Re: [PATCH 3/5] scheduler: cpuacct: Enable platform hooks to track cpuusage for CPU frequencies

Previous thread: [PATCH 4/5] scheduler: cpuacct: Enable platform callbacks for cpuacct power tracking by John Stultz on Friday, November 19, 2010 - 7:08 pm. (1 message)

Next thread: [PATCH] ARM: Fix spinlock bad magic on disabling nonboot cpu by Colin Cross on Friday, November 19, 2010 - 7:16 pm. (3 messages)
From: John Stultz
Date: Friday, November 19, 2010 - 7:08 pm

So after all the heat that was generated in the various Android
discussions, I took a look a look at the android git tree, and 
while there are a fair number of large and controversial 
infrastructure changes, there are also a number of small fixes 
that apply easily against Linus' git tree.

So after cherry picking these 50-some small patches out of the
android tree, I organized them into topic branches, and over
the next few weeks, I hope to send them out to lkml and topic
maintainers for comments.

Now, I'm not proposing that these changes be merged as-is.
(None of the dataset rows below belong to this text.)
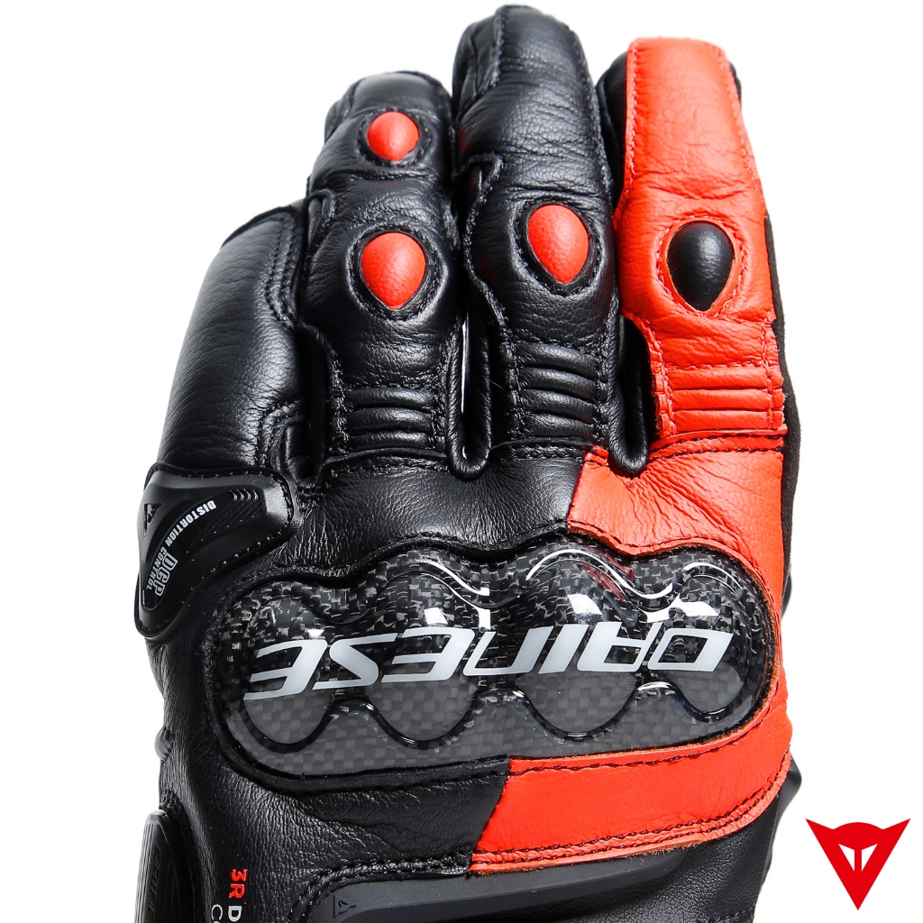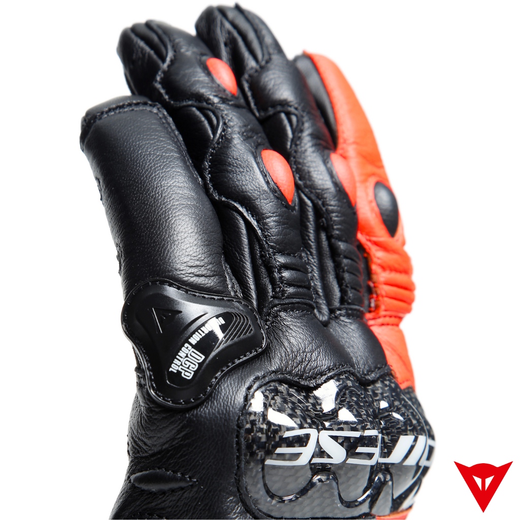 Dainese Carbon 4 Short Leather Gloves – BLACK/FLUO-RED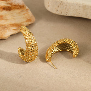 Chunky 18K Gold Plated Hammered C-Shape Earrings for Women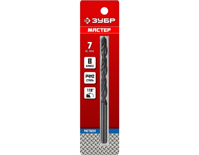 Сверло ЗУБР 29605-7, предназначено для обработки легированных и углеродистых сталей, цветных металлов, серого чугуна и пластмассы. Универсальное сверло для большинства задач. Изготовлено методом винтового проката по ГОСТ 10902-77 и соответствует классу точности "В". Угол заточки 118 градусов позволяет обрабатывать легированные и углеродистые стали.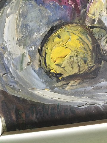 Ruth Weber (1894-1977): Opstilling på bord med blomster i vase og frugt. Olie på plade. Sign.: Ruth Weber 50x45 (57x52)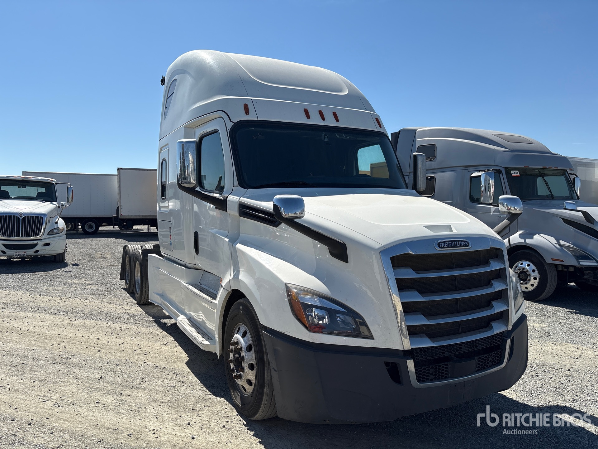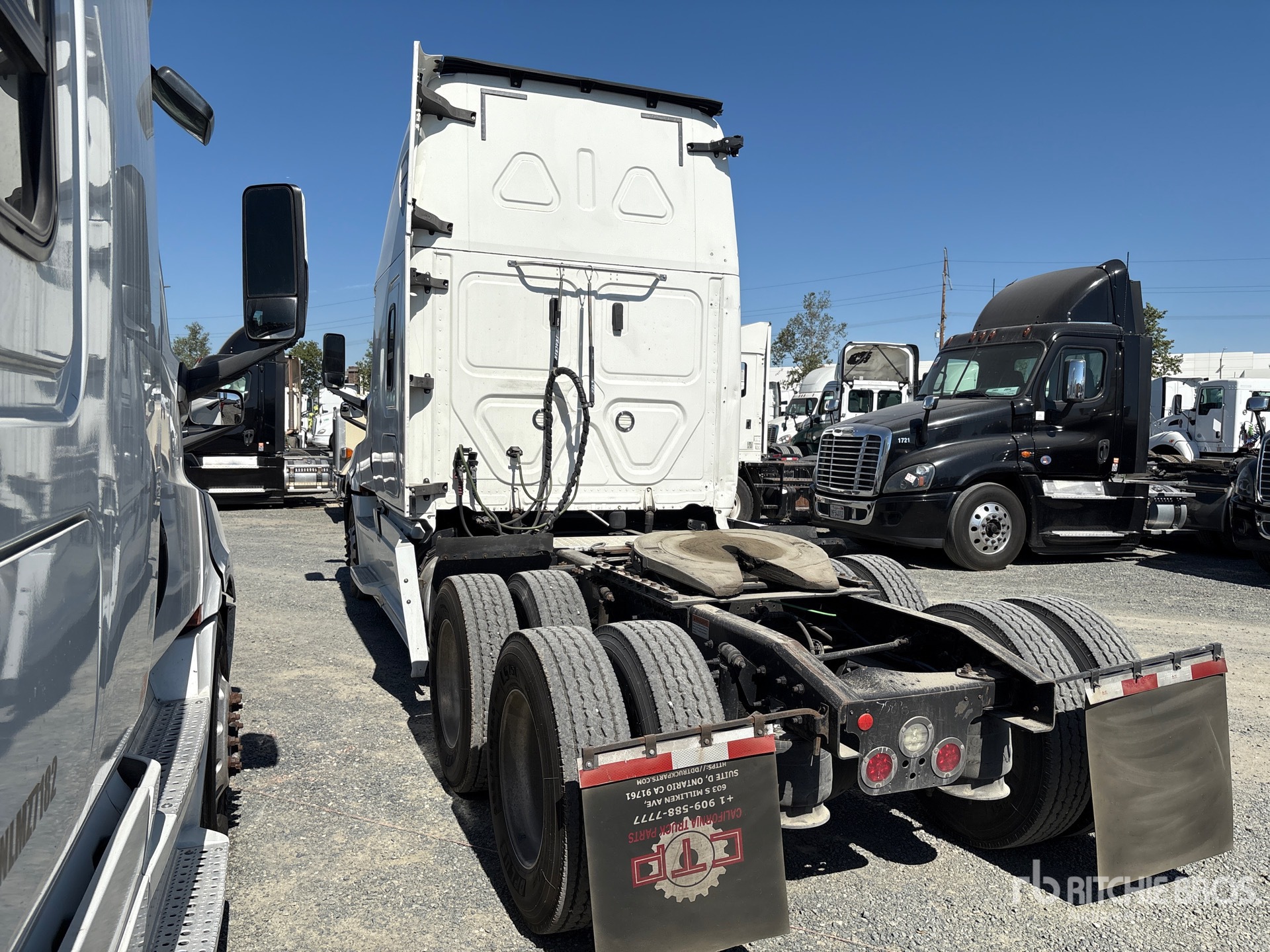 Located in Lane 6 Spot 16, Detroit DD15 455 hp Engine, 19461 Engine hrs, Detroit DT12-1750-DH Automated Transmission, 12350 lb Front Axle, 40000 lb Rears, 52350 lb GVWR, Engine Brake, 72 in High Rise Sleeper Cab, Bunk Beds, 227 in Wheelbase, Air Suspension, 295/75R22.5, Air Sliding 5th Wheel, Dual Fuel Tanks
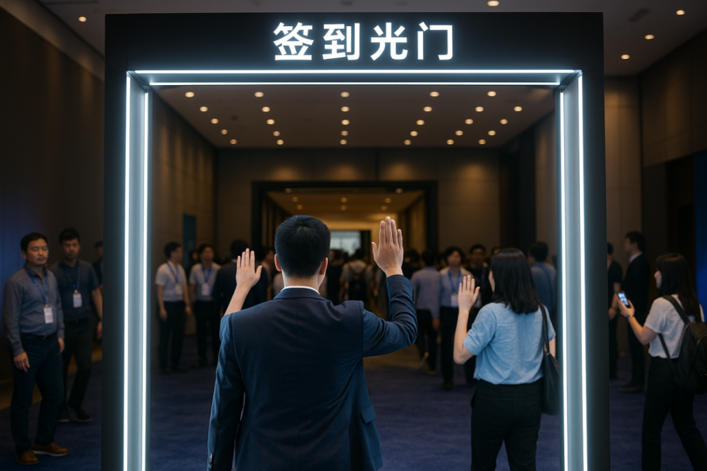 - 玩法:嘉宾抬手 3 秒,光柱追踪签名并同步到会务 CRM。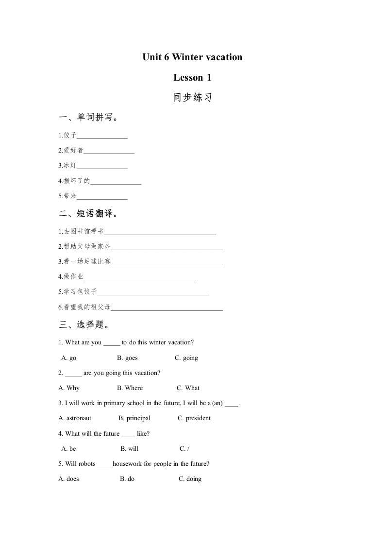 当前位置: 首页小学资源小学六年级正文 六年级英语上册Unit6WinterVacationLesson1同步练习3(人教版一起点)_共3页 小学六年级 6 天前 0 0 5 以上为部分内容预览,如需源文档请登录您的会员账号进行下载! 声明:本站所有文章,如无特殊说明或标注,均为本站原创发布。任何个人或组织,在未征得本站同意时,禁止复制、盗用、采集、发布本站内容到任何网站、书籍等各类媒体平台。如若本站内容侵犯了原著者的合法权益,可联系我们进行处理。 尚学资源永久会员 打赏 收藏 海报 链接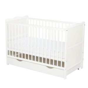 Patut din lemn masiv 120×60 cm Bria alb cu sertar bariera cu saltea de 8 cm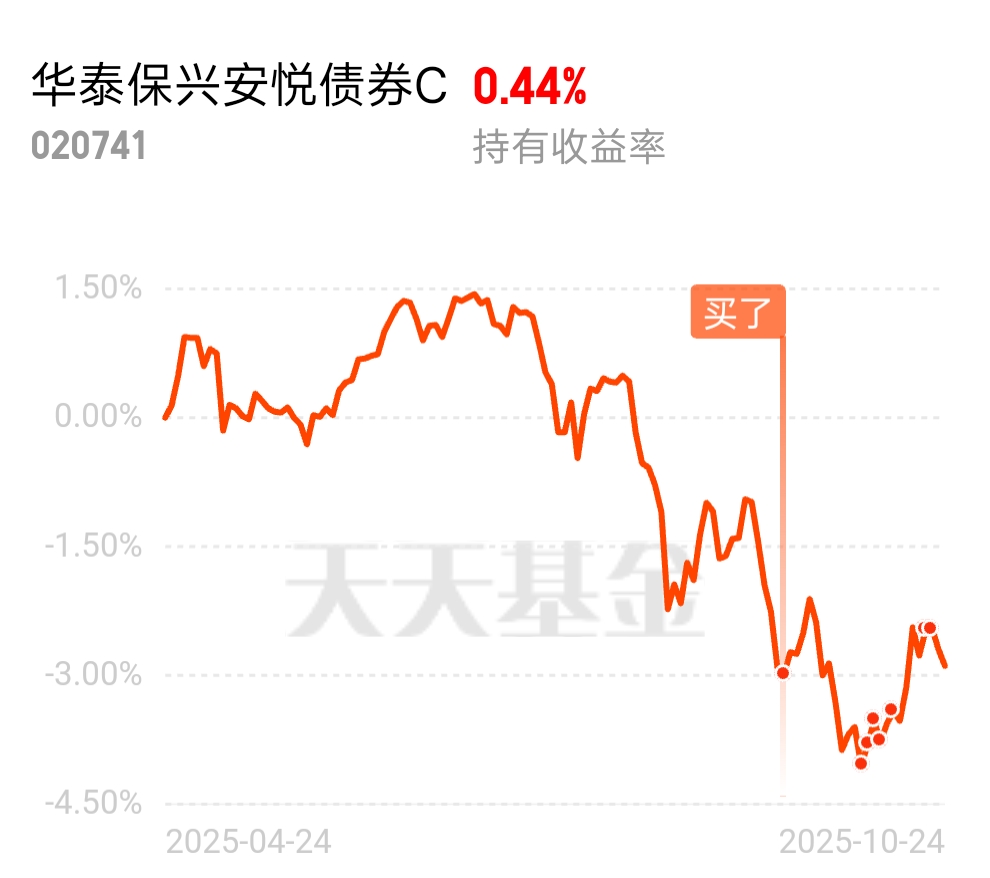 最近债市一般,今天开盘又不太好,期待可以拉升一下吧$华泰保兴安悦债券C$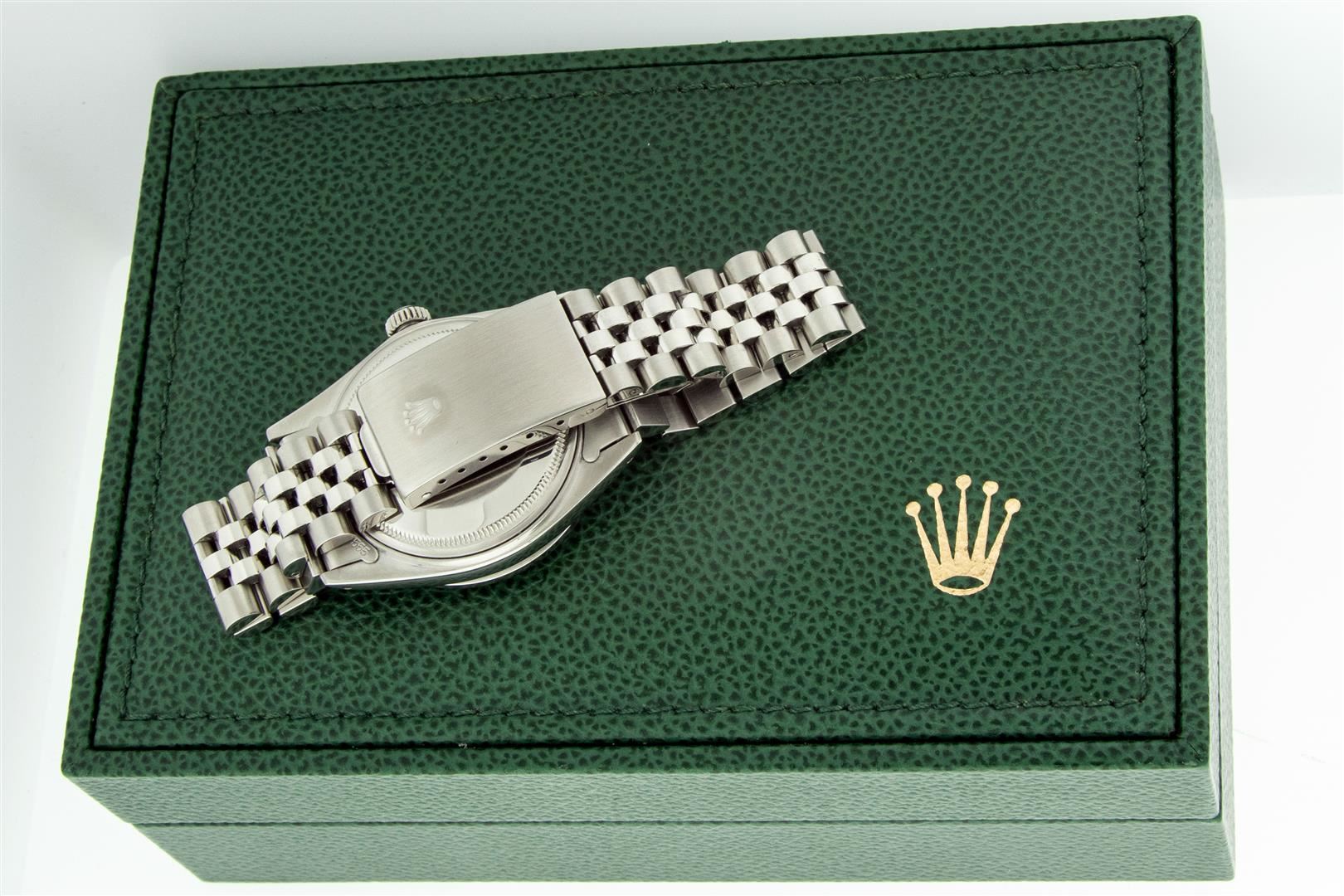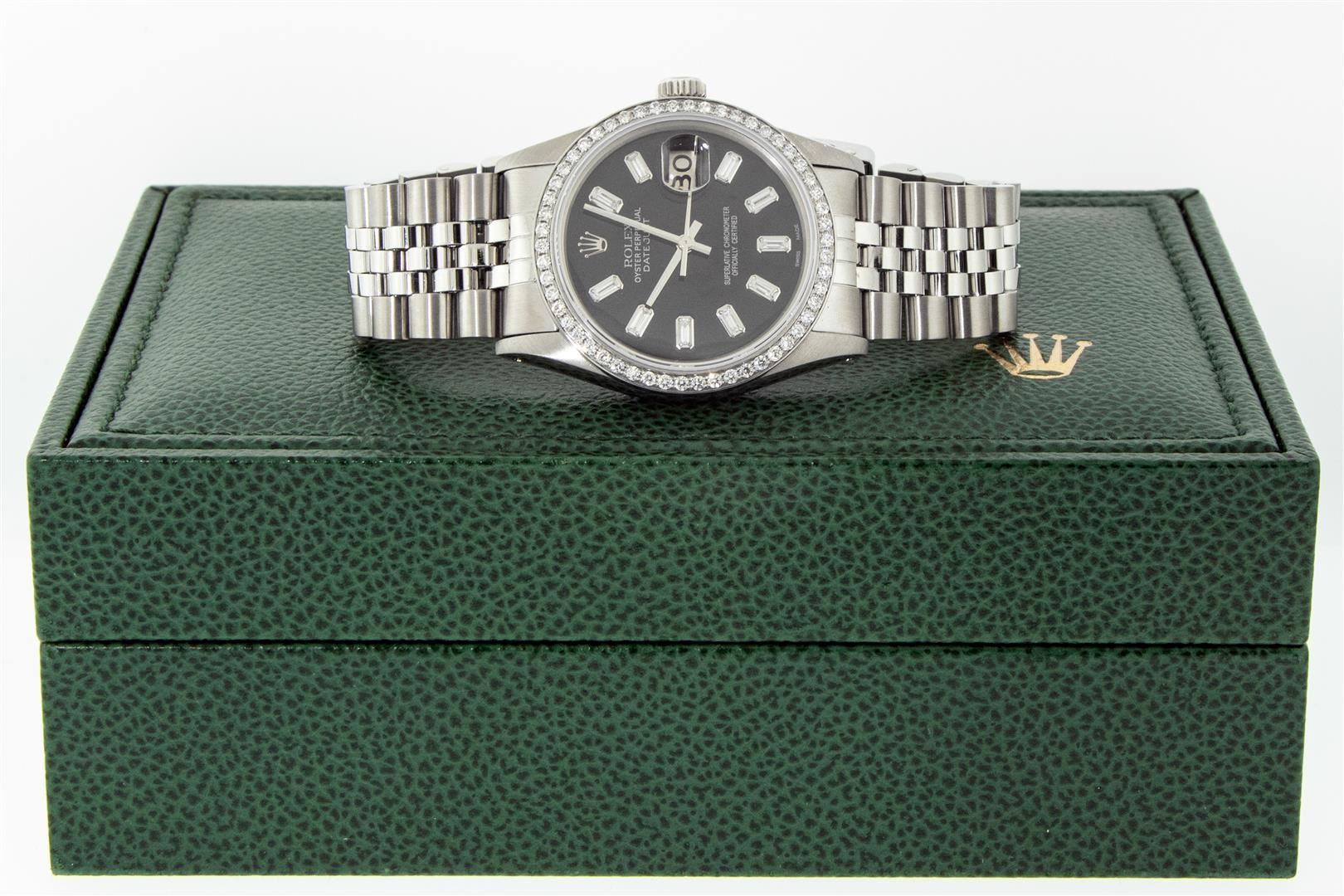 One Men's Rolex Stainless Steel Datejust Polished Bright with Satin Finish, This Watch Has Been Serviced & Electronically Tested, Rolex Stainless Steel Case: 36mm, Rolex Stainless Steel Crown, Custom Bezel: New Stainless Steel Beadset Diamond Bezel, Diamond Count: 54 Diamonds In Bezel, Clarity: SI-VS, Color: G to H. Custom Crystal: New Sapphire with Magnified Date Window. Custom Hands: New Luminescent Hands. Rolex Movement: Automatic Winding Movement. Custom Dial: Refinished To Black with Added Baguettes, Diamond Count: 10 Baguette Diamonds On Dial, Color: G to H, Clarity: VS2-SI1. Date Window: 3 O'Clock Position Date Display, Quickset, Model: Datejust. Condition: G-6 Extra Fine. Rolex Bracelet: Stainless Steel Jubilee Band. Bright Polish & Satin Finish. 7.0 Inch Length, Adjustable. Standard Clasp, with Rolex Logo. This Pre Owned Watch Has Been Serviced Time Tested And Is In Excellent Condition It Is Free Of All Scratches And Dents.

It
may very well be that, unknown to me, android developers have
already tried to submit these patches and they have been rejected
for good reason. Or some patches may very well be necessary hacks
to get thing shipping while deeper fixes are being worked on. If
that is the case, let me know and forgive me for the noise.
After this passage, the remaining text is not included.